Sean Reilly: I’m excited about measurement for the first time in my career

Here are the results of Lamar Advertising CEO Sean Reilly’s talk at yesterday’s J.P. Morgan Global Tech, Media and Communications Conference, sponsored and analyzed by SignValue.

Sean Reilly, CEO, Lamar Advertising

There was an upbeat mood at the OAAA conference:

It was a great conference. The enthusiasm and the confidence and the sense of possibilities this year was measurably better than last year’s, so there’s something going on. There’s a lot of excitement in the industry. All of the publics had unbelievably good earnings calls just before — Outfront posted some great numbers, Clear Channel — well, one thing Scott Wells told me was, “I finally had an incredible quarter and I’m not doing conference calls anymore because they’re going private.” The industry is in a good place.

The economics of a digital conversion

The returns have been remarkably consistent — board number one that went up 20 years ago and board 5,000 that went up 18 months ago have the same return profiles. I think that’s a testament to the fact that as we get more digital inventory out there and our customers get more used to using the platform in wonderfully inventive ways, the demand is there.  So picture a billboard making, let’s call it $3,000 a month…the advertiser is paying $3,000 a month, and they also have to buy the substrate — what they print on — which probably costs them $1,000, amortized over a 6-to-12-month contract. That’s the economics as a static board.  Now it’s digital and we have six to eight slots. The advertiser typically pays about the same absolute dollars — probably still $3,000 for them to be on it…we’ve got the opportunity to put six to eight customers up there paying almost the exact same amount. So we were making $3,000, now we’re going to make $15,000 to $18,000. The incremental margin contribution is somewhere between 65% and 75%, depending on how well we manage the real estate…
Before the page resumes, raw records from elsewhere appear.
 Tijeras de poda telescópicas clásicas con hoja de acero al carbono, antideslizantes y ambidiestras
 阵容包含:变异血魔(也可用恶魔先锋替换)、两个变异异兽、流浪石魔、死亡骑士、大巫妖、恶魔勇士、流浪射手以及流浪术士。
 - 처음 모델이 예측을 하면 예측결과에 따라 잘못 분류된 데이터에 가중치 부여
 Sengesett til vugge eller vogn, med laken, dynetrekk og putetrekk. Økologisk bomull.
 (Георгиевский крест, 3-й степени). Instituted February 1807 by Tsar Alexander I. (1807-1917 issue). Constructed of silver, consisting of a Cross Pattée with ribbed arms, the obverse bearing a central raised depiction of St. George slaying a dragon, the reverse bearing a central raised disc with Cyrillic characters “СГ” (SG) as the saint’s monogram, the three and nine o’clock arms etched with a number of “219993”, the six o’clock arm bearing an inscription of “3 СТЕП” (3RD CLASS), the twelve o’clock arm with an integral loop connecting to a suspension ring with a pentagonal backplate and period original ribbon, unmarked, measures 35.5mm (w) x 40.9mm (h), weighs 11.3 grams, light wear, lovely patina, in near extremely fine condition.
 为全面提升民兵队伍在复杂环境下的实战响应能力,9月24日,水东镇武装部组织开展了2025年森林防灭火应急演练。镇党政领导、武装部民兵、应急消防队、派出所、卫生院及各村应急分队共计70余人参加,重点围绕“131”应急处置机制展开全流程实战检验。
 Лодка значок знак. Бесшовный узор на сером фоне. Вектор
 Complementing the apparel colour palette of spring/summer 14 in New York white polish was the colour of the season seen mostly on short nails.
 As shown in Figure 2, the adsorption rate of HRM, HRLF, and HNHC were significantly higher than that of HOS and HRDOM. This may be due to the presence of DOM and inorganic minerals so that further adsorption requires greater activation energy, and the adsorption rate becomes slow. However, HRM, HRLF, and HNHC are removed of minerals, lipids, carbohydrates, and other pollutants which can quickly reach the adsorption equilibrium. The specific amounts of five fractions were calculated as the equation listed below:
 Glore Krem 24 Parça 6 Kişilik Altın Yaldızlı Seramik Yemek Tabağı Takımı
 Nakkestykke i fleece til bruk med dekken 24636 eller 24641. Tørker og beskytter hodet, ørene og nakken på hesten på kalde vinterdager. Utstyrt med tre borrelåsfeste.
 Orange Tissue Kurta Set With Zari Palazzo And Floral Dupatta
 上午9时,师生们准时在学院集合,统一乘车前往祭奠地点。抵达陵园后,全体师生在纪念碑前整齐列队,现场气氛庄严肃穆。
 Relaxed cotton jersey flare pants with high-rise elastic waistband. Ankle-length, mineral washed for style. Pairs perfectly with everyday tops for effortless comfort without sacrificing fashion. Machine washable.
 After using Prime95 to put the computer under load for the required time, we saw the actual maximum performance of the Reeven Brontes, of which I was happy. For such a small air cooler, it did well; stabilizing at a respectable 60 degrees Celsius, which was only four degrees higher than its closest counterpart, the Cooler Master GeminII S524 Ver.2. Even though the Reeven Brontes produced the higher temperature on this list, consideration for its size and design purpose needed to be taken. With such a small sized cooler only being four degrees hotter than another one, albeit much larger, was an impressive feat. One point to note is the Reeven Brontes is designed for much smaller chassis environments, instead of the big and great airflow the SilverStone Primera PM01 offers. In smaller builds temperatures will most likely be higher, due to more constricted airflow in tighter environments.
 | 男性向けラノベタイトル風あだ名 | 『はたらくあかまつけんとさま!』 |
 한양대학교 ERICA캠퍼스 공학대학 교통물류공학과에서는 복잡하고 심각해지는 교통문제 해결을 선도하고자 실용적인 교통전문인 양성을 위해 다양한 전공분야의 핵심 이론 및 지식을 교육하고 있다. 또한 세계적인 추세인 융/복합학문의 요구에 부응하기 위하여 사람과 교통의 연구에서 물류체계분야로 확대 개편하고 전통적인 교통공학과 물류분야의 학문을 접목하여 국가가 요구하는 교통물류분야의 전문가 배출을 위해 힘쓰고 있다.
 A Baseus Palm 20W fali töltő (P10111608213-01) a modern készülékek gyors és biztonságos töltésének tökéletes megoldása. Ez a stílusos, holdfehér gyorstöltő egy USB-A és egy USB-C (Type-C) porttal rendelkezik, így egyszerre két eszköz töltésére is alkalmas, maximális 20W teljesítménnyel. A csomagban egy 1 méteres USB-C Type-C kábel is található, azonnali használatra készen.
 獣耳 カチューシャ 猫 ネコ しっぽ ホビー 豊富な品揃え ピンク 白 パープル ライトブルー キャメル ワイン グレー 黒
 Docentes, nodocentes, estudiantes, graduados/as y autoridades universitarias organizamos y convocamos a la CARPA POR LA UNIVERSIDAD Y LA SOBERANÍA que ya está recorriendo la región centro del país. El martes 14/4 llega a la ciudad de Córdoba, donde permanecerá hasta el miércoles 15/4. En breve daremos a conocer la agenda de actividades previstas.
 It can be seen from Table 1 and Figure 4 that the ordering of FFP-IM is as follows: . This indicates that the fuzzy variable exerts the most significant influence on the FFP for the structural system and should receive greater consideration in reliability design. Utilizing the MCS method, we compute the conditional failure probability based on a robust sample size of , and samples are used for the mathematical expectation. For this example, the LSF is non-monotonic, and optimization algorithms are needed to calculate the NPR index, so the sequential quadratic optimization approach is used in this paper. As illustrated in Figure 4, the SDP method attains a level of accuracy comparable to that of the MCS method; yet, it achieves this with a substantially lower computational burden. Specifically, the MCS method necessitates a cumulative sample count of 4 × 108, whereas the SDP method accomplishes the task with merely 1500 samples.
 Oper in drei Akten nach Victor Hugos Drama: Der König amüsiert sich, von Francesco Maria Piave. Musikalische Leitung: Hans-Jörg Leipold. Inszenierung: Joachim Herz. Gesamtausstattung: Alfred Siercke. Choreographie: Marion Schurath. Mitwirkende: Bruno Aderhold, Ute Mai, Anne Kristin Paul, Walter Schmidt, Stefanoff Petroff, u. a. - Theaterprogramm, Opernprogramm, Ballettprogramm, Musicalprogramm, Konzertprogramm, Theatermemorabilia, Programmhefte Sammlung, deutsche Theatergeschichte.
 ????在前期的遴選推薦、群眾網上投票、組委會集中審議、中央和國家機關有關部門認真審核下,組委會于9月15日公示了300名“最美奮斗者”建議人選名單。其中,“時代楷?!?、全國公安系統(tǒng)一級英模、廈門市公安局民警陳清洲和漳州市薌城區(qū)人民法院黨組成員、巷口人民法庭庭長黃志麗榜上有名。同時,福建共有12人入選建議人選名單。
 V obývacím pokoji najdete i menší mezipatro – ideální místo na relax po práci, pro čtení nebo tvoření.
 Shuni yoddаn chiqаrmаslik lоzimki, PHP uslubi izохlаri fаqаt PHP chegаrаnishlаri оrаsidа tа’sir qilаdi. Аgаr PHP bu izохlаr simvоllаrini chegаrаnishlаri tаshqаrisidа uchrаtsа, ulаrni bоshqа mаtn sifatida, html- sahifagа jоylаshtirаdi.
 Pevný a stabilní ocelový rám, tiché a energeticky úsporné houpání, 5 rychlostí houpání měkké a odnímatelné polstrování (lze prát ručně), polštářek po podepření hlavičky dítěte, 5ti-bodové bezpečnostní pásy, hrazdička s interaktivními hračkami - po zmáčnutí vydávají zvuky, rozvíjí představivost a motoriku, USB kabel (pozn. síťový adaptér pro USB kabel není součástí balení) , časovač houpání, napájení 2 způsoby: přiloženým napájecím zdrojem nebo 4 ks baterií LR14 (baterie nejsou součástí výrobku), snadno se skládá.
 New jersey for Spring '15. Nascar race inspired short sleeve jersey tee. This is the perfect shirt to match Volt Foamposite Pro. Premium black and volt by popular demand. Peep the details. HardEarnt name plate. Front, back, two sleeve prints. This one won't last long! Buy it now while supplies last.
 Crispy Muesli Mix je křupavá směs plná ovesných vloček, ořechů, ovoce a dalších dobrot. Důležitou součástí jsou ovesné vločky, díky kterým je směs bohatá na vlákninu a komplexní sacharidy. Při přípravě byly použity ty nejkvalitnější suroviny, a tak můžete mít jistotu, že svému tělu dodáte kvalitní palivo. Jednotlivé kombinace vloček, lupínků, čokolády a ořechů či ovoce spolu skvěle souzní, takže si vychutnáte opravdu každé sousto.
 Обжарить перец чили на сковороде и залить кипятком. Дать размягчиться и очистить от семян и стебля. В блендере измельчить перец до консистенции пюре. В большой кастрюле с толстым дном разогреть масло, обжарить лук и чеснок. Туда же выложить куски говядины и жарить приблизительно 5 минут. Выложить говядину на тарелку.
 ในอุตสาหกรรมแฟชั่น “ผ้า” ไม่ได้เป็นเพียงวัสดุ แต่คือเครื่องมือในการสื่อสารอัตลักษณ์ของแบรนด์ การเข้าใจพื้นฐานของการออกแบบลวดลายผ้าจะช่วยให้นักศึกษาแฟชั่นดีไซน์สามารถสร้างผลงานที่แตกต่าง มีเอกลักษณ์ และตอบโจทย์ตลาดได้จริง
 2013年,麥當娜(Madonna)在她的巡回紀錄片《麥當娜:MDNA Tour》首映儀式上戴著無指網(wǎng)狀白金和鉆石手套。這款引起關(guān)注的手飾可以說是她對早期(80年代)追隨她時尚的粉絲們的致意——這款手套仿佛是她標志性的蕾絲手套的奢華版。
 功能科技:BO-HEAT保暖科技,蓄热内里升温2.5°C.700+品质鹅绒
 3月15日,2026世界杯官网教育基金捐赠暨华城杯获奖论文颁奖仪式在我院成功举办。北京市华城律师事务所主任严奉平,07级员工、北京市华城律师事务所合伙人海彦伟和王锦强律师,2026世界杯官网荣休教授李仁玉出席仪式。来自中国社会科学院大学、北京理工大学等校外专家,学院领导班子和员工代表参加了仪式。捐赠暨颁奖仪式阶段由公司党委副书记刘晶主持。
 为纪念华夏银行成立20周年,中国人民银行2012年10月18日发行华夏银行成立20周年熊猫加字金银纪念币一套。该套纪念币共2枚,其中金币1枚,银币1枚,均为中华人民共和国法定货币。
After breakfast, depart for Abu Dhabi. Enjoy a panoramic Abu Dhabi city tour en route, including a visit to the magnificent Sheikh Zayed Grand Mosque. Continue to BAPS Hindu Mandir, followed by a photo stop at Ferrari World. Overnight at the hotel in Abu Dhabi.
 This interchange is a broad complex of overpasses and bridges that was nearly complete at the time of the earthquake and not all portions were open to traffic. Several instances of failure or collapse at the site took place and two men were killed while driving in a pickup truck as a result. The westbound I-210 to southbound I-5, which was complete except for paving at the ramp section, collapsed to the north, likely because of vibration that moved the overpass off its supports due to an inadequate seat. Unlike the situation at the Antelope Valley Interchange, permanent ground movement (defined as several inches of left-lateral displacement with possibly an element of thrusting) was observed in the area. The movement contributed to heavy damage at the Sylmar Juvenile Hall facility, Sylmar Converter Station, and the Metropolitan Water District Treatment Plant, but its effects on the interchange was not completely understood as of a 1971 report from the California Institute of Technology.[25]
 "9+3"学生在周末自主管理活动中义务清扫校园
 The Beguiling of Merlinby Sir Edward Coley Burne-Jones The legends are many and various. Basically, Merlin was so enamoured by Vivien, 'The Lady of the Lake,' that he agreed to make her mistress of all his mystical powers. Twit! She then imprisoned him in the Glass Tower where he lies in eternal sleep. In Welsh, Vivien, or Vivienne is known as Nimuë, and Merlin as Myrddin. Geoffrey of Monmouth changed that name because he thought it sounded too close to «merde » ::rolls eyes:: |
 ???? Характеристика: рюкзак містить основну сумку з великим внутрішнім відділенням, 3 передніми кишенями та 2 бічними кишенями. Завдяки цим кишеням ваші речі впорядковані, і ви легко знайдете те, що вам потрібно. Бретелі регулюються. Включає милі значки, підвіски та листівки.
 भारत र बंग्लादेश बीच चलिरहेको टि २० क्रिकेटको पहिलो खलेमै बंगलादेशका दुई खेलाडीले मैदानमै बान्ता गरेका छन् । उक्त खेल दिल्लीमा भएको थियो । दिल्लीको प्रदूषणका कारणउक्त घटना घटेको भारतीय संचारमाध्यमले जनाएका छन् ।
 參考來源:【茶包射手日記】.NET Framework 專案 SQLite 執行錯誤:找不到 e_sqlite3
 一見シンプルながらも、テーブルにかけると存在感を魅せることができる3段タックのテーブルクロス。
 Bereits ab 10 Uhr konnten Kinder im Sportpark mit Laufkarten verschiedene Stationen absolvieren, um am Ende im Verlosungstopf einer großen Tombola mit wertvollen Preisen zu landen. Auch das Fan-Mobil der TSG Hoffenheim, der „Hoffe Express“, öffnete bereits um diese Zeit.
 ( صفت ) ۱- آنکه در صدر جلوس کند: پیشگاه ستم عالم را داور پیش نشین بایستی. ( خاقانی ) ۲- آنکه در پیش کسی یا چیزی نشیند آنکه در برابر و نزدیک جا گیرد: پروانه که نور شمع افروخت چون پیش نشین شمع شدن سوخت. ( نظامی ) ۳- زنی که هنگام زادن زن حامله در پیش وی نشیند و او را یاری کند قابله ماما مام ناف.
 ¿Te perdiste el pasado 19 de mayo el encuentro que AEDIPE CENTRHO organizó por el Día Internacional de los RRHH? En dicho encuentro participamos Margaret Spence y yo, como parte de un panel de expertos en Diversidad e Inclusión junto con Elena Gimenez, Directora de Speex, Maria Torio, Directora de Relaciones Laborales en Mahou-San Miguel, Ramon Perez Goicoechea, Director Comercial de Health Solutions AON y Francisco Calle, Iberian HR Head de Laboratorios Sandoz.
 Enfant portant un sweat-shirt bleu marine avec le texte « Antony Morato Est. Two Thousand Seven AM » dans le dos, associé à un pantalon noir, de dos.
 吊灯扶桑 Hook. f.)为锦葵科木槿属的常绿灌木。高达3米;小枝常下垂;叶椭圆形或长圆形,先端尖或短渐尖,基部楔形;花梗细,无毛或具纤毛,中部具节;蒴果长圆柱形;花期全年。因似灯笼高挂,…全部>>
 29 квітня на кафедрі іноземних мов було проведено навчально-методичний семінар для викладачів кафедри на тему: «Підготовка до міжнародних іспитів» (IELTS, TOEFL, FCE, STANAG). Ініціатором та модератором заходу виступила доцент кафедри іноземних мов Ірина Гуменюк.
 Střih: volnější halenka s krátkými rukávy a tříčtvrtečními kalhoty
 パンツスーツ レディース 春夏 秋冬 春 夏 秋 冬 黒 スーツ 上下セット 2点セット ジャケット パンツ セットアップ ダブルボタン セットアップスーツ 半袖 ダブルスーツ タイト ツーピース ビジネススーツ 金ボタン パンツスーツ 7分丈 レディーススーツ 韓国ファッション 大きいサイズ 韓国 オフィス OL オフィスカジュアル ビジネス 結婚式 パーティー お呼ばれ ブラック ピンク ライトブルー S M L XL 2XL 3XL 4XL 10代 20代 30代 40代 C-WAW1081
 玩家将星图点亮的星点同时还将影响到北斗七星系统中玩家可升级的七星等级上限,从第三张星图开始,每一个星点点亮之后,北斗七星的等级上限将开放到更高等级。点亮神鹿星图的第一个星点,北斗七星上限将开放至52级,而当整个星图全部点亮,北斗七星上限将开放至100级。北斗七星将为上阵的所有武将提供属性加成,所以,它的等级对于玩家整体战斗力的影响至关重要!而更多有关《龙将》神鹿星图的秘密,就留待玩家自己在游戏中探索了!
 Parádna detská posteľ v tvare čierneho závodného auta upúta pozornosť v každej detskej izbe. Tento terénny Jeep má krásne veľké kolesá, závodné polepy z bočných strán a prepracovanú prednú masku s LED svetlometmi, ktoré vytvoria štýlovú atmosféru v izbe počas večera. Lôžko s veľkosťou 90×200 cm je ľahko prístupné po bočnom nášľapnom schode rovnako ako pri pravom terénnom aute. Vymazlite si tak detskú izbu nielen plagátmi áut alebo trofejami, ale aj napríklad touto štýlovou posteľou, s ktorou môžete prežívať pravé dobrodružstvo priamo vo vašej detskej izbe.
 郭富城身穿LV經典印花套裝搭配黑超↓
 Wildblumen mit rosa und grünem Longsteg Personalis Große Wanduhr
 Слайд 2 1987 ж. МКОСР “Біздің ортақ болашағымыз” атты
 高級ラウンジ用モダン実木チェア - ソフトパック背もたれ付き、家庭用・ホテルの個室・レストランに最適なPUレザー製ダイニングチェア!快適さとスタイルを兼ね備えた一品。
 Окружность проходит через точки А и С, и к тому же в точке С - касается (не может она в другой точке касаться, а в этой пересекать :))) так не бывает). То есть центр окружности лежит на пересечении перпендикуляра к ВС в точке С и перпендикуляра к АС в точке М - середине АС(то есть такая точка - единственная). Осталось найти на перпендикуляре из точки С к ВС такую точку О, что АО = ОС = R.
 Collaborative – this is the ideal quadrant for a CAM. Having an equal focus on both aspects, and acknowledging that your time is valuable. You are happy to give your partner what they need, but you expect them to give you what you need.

Lamar has budgeted $20 million to buy easements this year

If we’re paying somebody $40,000 a year to have a billboard on their property and they’d rather have one lump sum of $400,000 — that’s the kind of conversation we want to have. Those people are out there, and it’s a good use of capital. It’s a no-brainer, a riskless return…We have around 160,000 billboard faces, and we own the real estate under roughly 20,000 of them.

Good news on measurement

There’s good news. The industry and the buy side are united — we’re walking in lockstep. We’re abandoning the data provider that used to feed Geopath, a company called MotionWorks, and we’re going with a globally respected brand called Ipsos. They do the measurement in Australia and the UK, for example, where out-of-home is a larger share of total media spend.  I’m excited about measurement for the first time in my career — and I’ve been doing this a long time. Lamar, Outfront, Clear Channel, the independents on the sell side, and all the agency players that care about our space are all singing from the same hymn book, all pulling in the same direction. I feel good about this one.